_TASK DESCRIPTION:_
Your copy should match the listing below word for word, with no images in it.

[[ PROVIDED MATERIAL, beginning ]]

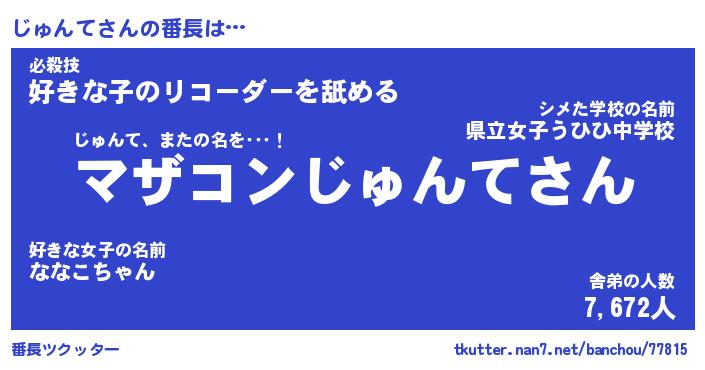 | 意味不明あだ名 | 『ペロリンじゅんて』『永久保存じゅんて』 |
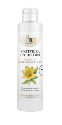 Болтушка изготовлена по монастырскому рецепту для ухода за проблемной, склонной к воспалениям и угревой сыпи кожей.
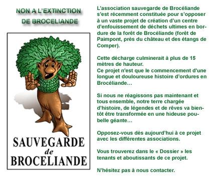 « L'association Sauvegarde de Brocéliande s'est récemment constituée [2004] pour s'opposer à un vaste projet de création d'un centre d'enfouissement de déchets ultimes en bordure de la forêt de Brocéliande (forêt de Paimpont, près du château et des étangs de Comper). »
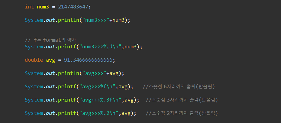 두번째 세번째 줄을 보면, 자동으로 반올림을 해서 출력해준다.

[[ PROVIDED MATERIAL, end ]]

_ANSWER BOX:_
 | 意味不明あだ名 | 『ペロリンじゅんて』『永久保存じゅんて』 |
 Болтушка изготовлена по монастырскому рецепту для ухода за проблемной, склонной к воспалениям и угревой сыпи кожей.
 « L'association Sauvegarde de Brocéliande s'est récemment constituée [2004] pour s'opposer à un vaste projet de création d'un centre d'enfouissement de déchets ultimes en bordure de la forêt de Brocéliande (forêt de Paimpont, près du château et des étangs de Comper). »
 두번째 세번째 줄을 보면, 자동으로 반올림을 해서 출력해준다.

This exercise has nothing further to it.